Looking at current-generation GPUs, the Radeon RX 6500 XT’s key competitor here in 2022 clearly will be that Nvidia GeForce RTX 3050, which was announced on the same day as the RX 6500 XT GPU at CES 2022. They’re both aimed at the 1080p market; they’re both entry-level, ray-tracing-capable options; and there’s only a $50 difference between them on base list price. (The RTX 3050 is in the pricier position, in this instance.)
However, benchmarks and reviews for that new Nvidia GPU technically won’t be out for another week. (GeForce RTX 3050 cards go on sale on Jan. 27.) For now, in terms of tested performance, we’ll have to compare the Radeon RX 6500 XT’s performance to its closest current Nvidia kin, cards based on the GeForce GTX 1650 Super GPUs.
Looking at the core specs, though, we can compare all of these, since we know most of the details on the GeForce RTX 3050, and all of the details on the rest…
At first glance, these are some confusing specs to digest. The previous model in the Radeon RX line at this tier, the Radeon RX 5500 XT, went on sale for $169.99 a little over two years ago. On paper, it looks to have more memory bandwidth, a wider memory bus, and more stream processors/transistors overall. As we all know, both supply-side constraints and inflation have changed the game a bit since 2019, but even with math from the US Inflation Calculator taken into account, AMD is still charging a premium of roughly $15 since the time it released a card at this power tier.
However, we’re in a new year, with new RT cores and pricing structures to go with it. This means neither the Radeon RX 6500 XT’s introductory price of $199.99, nor Nvidia’s upcoming offering of a $249 GeForce RTX 3050, should shock us all too much, given that they include a new set of cores (16 ray-tracing cores in the case of the RX 6500 XT) and are being launched into 2022’s hyper-constrained market for computer parts.
As a result, due to those same supply constraints, the new Radeon RX 6500 XT also finds itself in ready competition with the Nvidia GeForce GTX 1650, a GPU originally launched in 2019. The reason it’s still relevant today is that it was reincarnated for a short time by Asus just last year, to help shore up dwindling GPU stock.

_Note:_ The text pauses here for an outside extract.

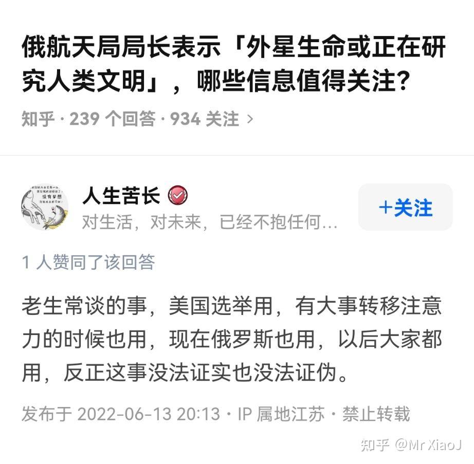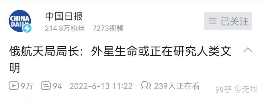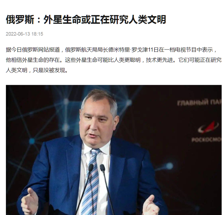 一个月后的6月12号,俄罗斯航天局称外星生命或正在研究人类文明。

The Makeup of the Radeon RX 6500 XT
Radeon RX 6500 XT models will come from AMD’s usual card partners. The Radeon RX 6500 XT model we tested features 4GB of GDDR6 video memory, as will every model (including overclocked options) in the rest of the lineup being offered by the partners. The Gigabyte Radeon RX 6500 XT Eagle 4G card we have in hand is one of a host of third-party designs based on the Radeon RX 6500 XT GPU and featuring its own cooling solution; AMD is not offering an official reference version or a house-brand card.
Like other RX 6000 series GPUs, the Radeon RX 6600 is built on the company’s RDNA 2 architecture. It features a new TSMC 6nm lithography on a 107-square-millimeter “Navi 24” GPU die.
Perhaps the most interesting innovation on offer with the launch of the Radeon RX 6500 XT line is what AMD is referring to as TSMC’s “6nm” fabrication process. This represents a shift away from the company’s staple 7nm process technology, which anchored all previous entries in the RDNA line of discrete desktop Radeon GPUs. Not a lot is known about 6nm tech, and AMD was mum on 6nm details both in its reviewers’ materials, and prior to this review when queried via email.
Does this separate process node mean a better, more capacious supply of RX 6500 XT models will be available at launch and into 2022? What we do know comes from a recent talk; speaking on the GPU supply shortage, AMD’s CEO opened up about how things have looked from its end during a roundtable after the company’s CES 2022 keynote:
“Dr. Lisa Su: I think the overarching message for gamers is, we really look at this as a portfolio where we want to support the full range of gamers from top of stack to more mainstream. We understand that there haven’t been enough GPUs out there in 2021. We did actually ship a lot more desktop GPUs in the second half of ’21, than we did in the first half. So not everyone has gotten them, but more people have definitely gotten them in the second half of ’21. And you’re going to see many more in 2022. We’re positioning the launch such that—and I know, you guys always say, ’Well, yeah, they’re just saying that’—but we really are positioning the launch at a $199 price point. It is sort of affordable to the mainstream. You know, we intend to have a lot of product out there.”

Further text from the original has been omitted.